The 1974 South Carolina gubernatorial election was held on November 5, 1974, to select the governor of the state of South Carolina. Initially considered a longshot candidate, Republican James B. Edwards defeated Democrat W. J. Bryan Dorn with a narrow majority of the vote.

Edwards' victory made him the first Republican since Daniel Henry Chamberlain in 1874 to win a gubernatorial election in South Carolina. It was also the closest gubernatorial election in South Carolina since the disputed election of 1876.

==Democratic primary==

=== Candidates ===

- L. Maurice Bessinger, barbecue proprietor and defendant in Newman v. Piggie Park Enterprises, Inc.
- John Bolt Culbertson, former State Representative from Greenville and perennial candidate
- W.J. Bryan Dorn, U.S. Representative from Greenwood
- Milton J. Dukes
- Earle Morris Jr., Lieutenant Governor of South Carolina
- Charles D. Ravenel, banker
- Eugene N. Ziegler

=== Campaign ===
Existing term limit restrictions made Governor John C. West ineligible to run for reelection. The South Carolina Democratic Party held their primary for governor on July 16, 1974 . Charles D. Ravenel emerged as the winner of the runoff election, but the South Carolina Supreme Court ruled that Ravenel did not meet the five-year residency requirement in the state's constitution.

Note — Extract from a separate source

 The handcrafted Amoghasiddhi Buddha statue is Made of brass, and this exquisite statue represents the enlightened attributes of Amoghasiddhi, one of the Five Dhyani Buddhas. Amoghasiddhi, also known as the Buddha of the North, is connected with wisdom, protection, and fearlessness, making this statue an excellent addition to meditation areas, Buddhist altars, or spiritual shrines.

U.S. Representative W. J. Bryan Dorn was chosen in a special state convention to be the Democratic candidate in the general election for governor. Dorn, who had supported George McGovern's 1972 presidential campaign, was described by The New York Times as a "political maverick" who took a relatively liberal line on racial and religious issues.

Democratic Primary
| Candidate | Votes | % |
| Charles D. Ravenel | 107,345 | 33.6 |
| W.J. Bryan Dorn | 105,743 | 33.1 |
| Earle E. Morris Jr. | 80,292 | 25.2 |
| Eugene N. Zeigler | 11,091 | 3.5 |
| L. Maurice Bessinger | 7,883 | 2.5 |
| John Bolt Culbertson | 4,187 | 1.3 |
| Milton J. Dukes | 2,529 | 0.8 |

=== Results ===

Democratic Primary Runoff
| Candidate | Votes | % | ±% |
| Charles D. Ravenel | 186,985 | 54.8 | +21.2 |
| W.J. Bryan Dorn | 154,187 | 45.2 | +12.1 |

==Republican primary==

=== Candidates ===

- James B. Edwards, State Senator from Charleston
- William Westmoreland, former Chief of Staff of the United States Army

=== Results ===
The South Carolina Republican Party held their primary on July 16, 1974, and the contest pitted state senator James B. Edwards against former Army Chief of Staff William Westmoreland. Edwards scored an upset victory in the first Republican primary of the state and earned the right to face Dorn in the general election.

Republican Primary
| Candidate | Votes | % |
| James B. Edwards | 20,177 | 57.7 |
| William Westmoreland | 14,777 | 42.3 |

==General election==

=== Candidates ===

- W.J. Bryan Dorn, U.S. Representative from Greenwood (Democratic)
- James B. Edwards, State Senator from Charleston (Republican)
- Peggy Jennings (Independent)

=== Results ===
The general election was held on November 5, 1974, and James B. Edwards defeated W.J. Bryan Dorn in what was a banner year for the Democrats in the wake of the Watergate scandal. Turnout was higher than the previous gubernatorial election because of the increasingly competitive nature of the race between the two parties.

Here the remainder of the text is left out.